Exercise objective:
Your task is to repeat exactly the lines below between the line holding "Chemise a gros" and the line holding "LOT 4 VINTAGE", inclusive, and only those.

Records shown:
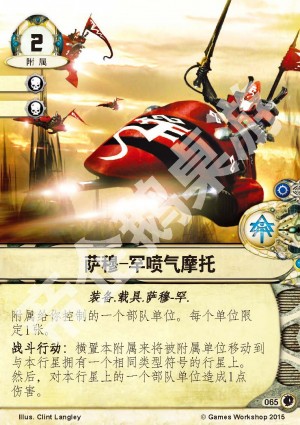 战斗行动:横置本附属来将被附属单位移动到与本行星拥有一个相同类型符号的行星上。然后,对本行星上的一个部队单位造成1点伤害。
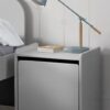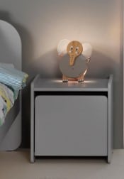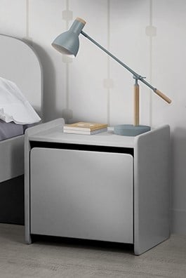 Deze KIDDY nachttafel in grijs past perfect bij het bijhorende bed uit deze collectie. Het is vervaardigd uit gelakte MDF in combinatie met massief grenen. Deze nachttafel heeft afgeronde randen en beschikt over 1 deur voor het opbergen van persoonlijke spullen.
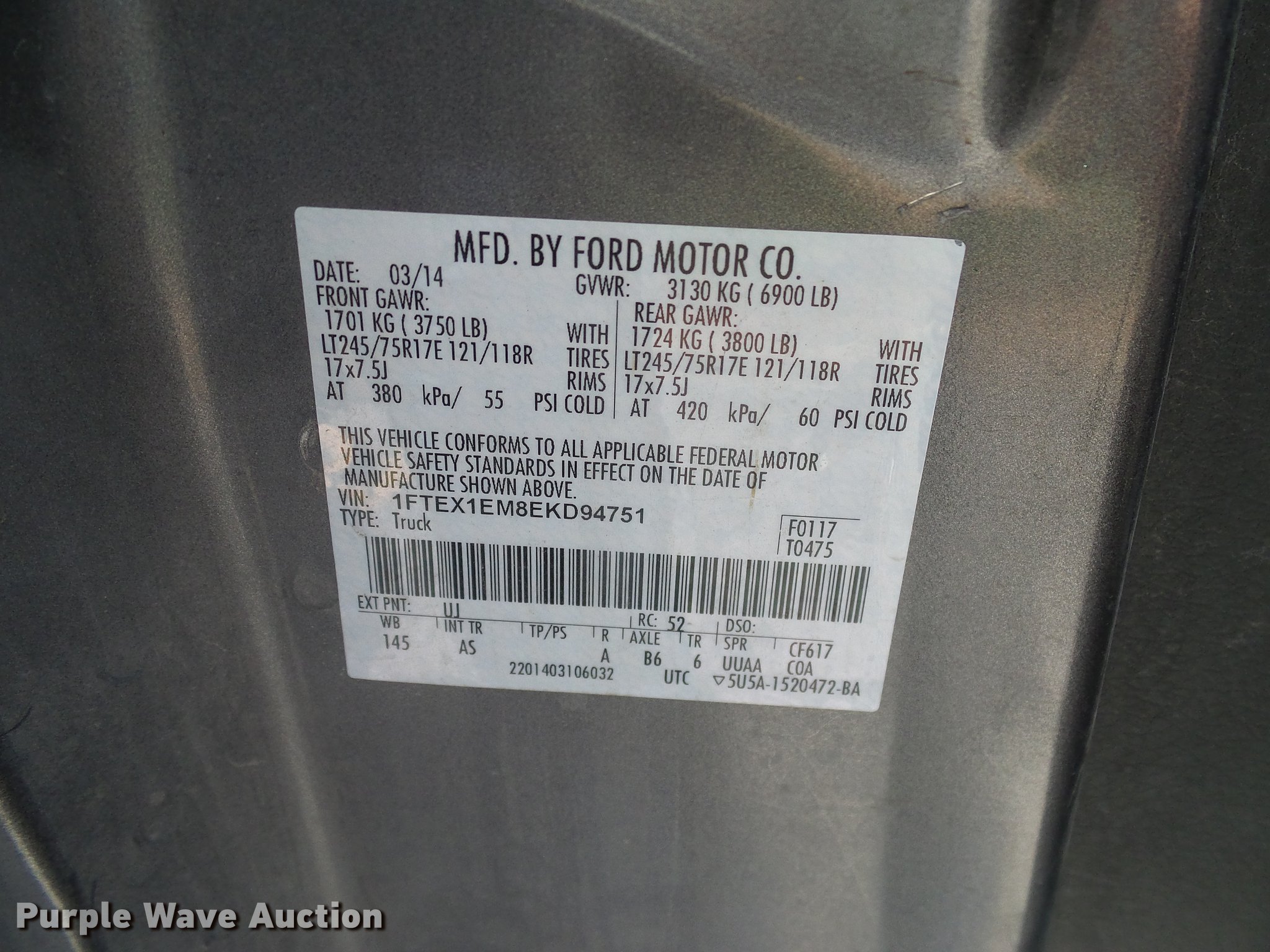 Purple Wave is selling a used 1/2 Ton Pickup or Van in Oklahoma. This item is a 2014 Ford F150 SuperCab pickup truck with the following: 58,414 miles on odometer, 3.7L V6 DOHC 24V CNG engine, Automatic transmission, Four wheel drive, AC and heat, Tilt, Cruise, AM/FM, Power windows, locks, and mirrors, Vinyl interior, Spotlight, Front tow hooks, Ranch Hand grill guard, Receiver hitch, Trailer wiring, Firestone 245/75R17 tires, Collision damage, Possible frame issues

==

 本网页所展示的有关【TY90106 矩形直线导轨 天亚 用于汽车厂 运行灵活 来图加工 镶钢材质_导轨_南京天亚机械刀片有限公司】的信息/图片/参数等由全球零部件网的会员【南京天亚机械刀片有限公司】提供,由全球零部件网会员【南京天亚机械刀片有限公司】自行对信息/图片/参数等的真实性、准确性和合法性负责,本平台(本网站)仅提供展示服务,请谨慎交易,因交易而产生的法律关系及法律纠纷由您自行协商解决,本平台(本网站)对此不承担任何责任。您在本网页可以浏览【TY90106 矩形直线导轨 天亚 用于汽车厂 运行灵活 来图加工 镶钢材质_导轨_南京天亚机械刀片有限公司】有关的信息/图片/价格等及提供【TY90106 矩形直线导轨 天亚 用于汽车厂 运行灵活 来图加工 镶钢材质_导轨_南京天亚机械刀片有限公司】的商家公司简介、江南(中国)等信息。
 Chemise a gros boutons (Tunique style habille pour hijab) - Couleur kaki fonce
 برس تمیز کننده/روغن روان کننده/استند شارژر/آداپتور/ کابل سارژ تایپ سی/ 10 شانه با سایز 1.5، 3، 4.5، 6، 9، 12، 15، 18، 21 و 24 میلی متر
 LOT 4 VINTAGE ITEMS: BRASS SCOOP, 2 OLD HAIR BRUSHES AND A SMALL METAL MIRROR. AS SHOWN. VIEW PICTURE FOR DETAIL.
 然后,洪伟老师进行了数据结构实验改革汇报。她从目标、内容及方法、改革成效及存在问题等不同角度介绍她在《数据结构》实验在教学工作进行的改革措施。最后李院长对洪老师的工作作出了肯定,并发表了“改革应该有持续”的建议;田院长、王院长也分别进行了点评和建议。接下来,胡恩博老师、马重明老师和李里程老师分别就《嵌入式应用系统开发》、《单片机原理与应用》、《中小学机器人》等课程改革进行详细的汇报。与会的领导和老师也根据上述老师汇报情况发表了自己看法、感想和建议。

==

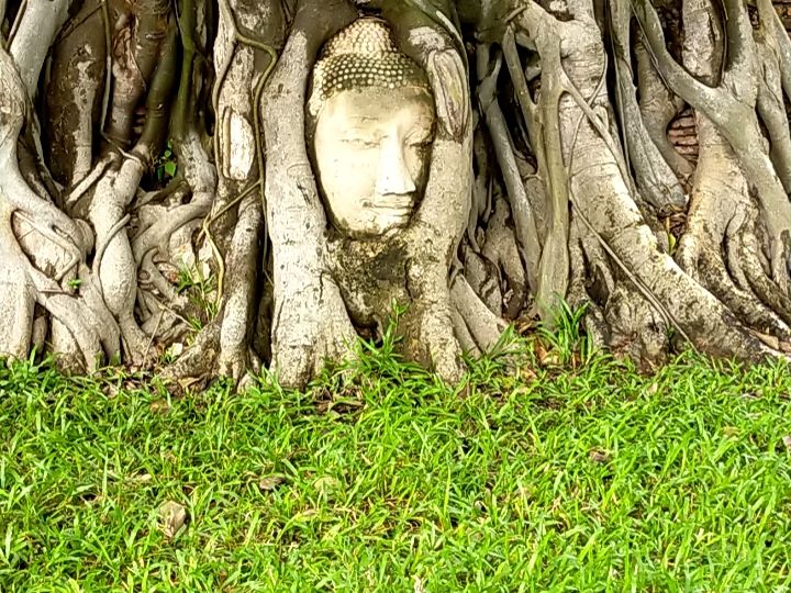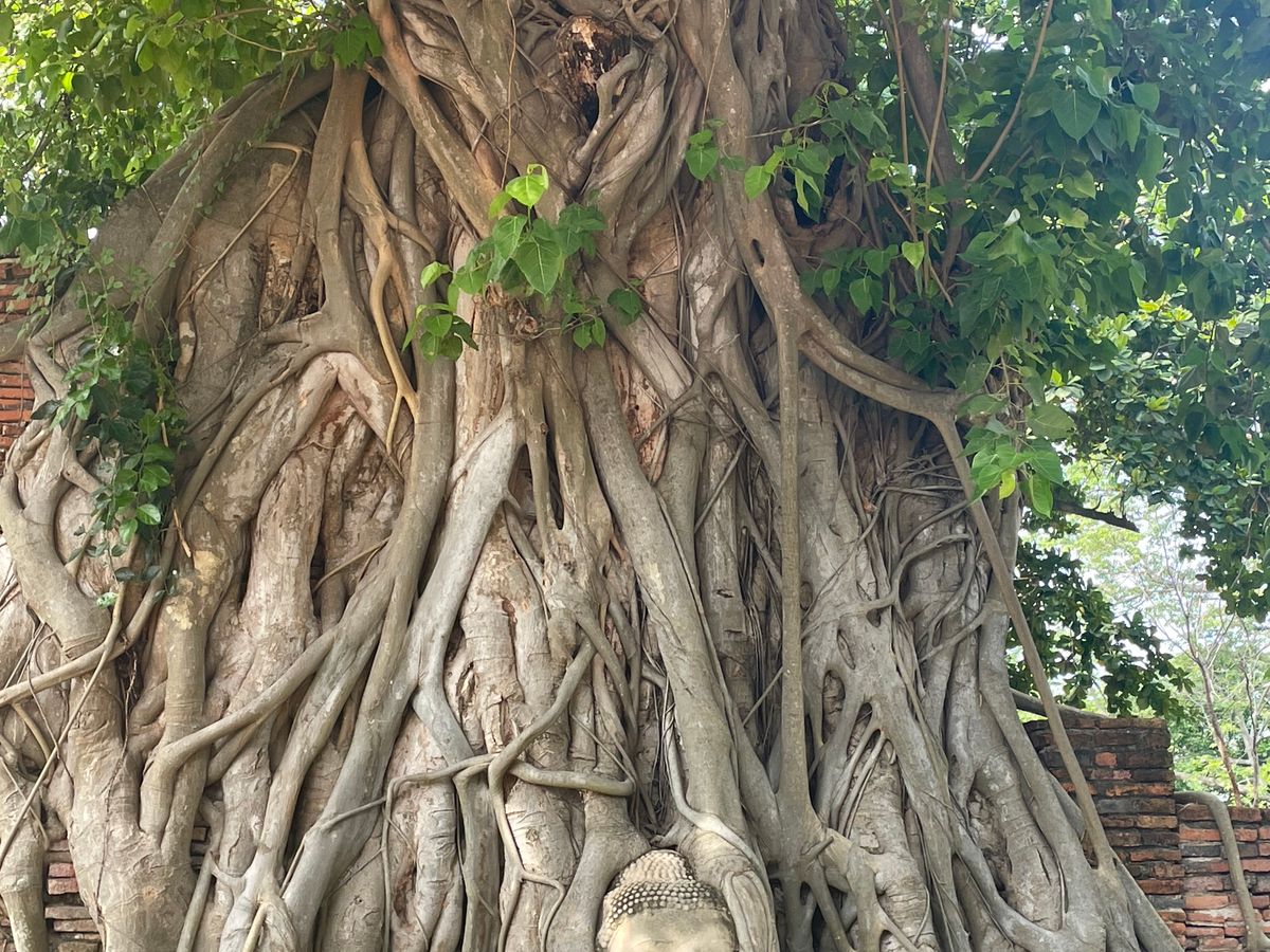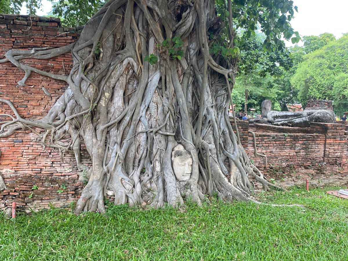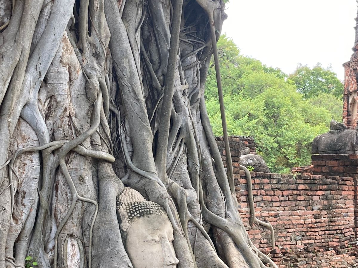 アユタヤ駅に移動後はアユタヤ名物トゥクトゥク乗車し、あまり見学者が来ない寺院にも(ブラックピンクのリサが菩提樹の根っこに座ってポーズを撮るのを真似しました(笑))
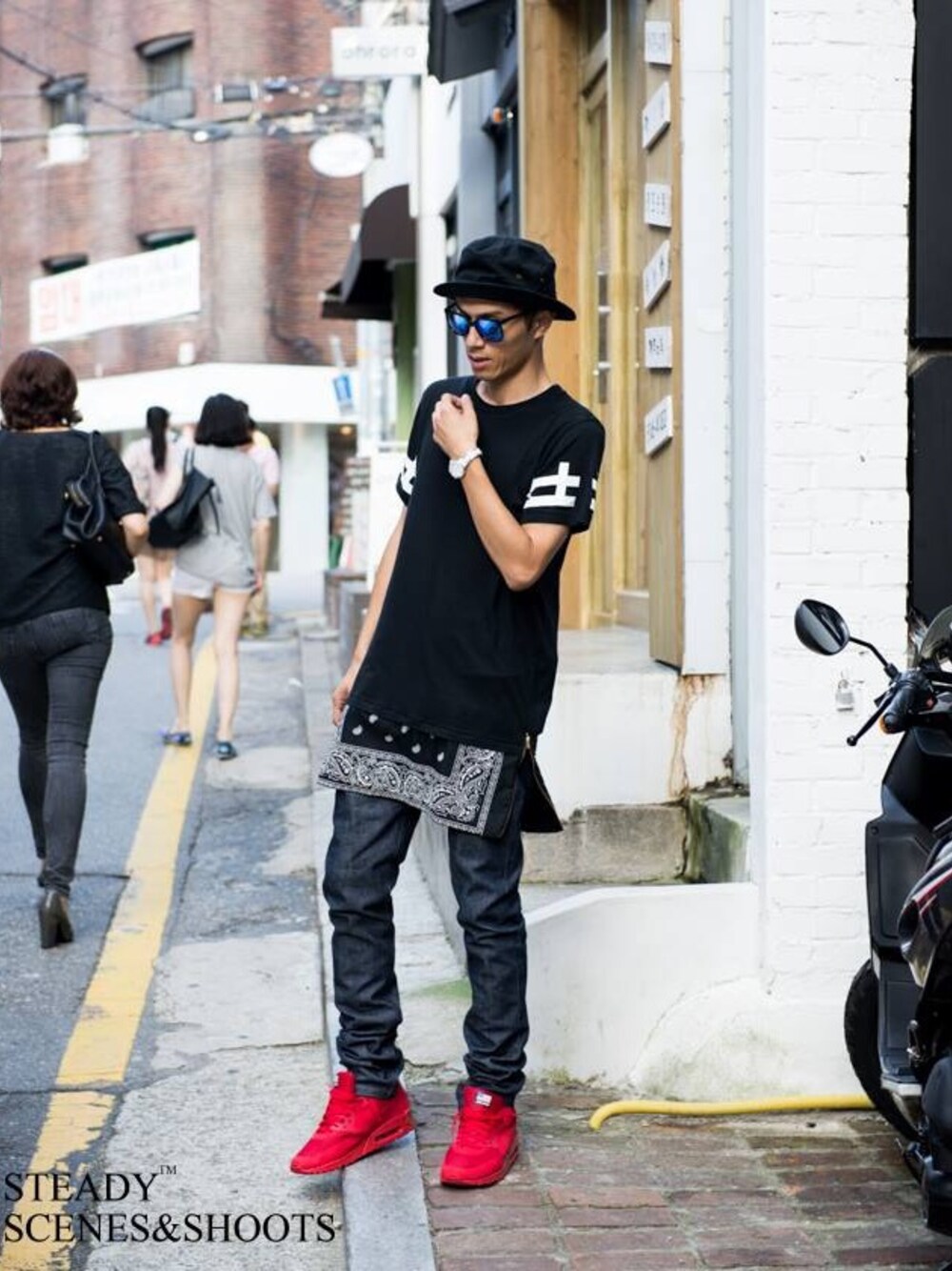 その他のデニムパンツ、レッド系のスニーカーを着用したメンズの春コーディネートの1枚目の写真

Your solution:
 Chemise a gros boutons (Tunique style habille pour hijab) - Couleur kaki fonce
 برس تمیز کننده/روغن روان کننده/استند شارژر/آداپتور/ کابل سارژ تایپ سی/ 10 شانه با سایز 1.5، 3، 4.5، 6، 9، 12، 15، 18، 21 و 24 میلی متر
 LOT 4 VINTAGE ITEMS: BRASS SCOOP, 2 OLD HAIR BRUSHES AND A SMALL METAL MIRROR. AS SHOWN. VIEW PICTURE FOR DETAIL.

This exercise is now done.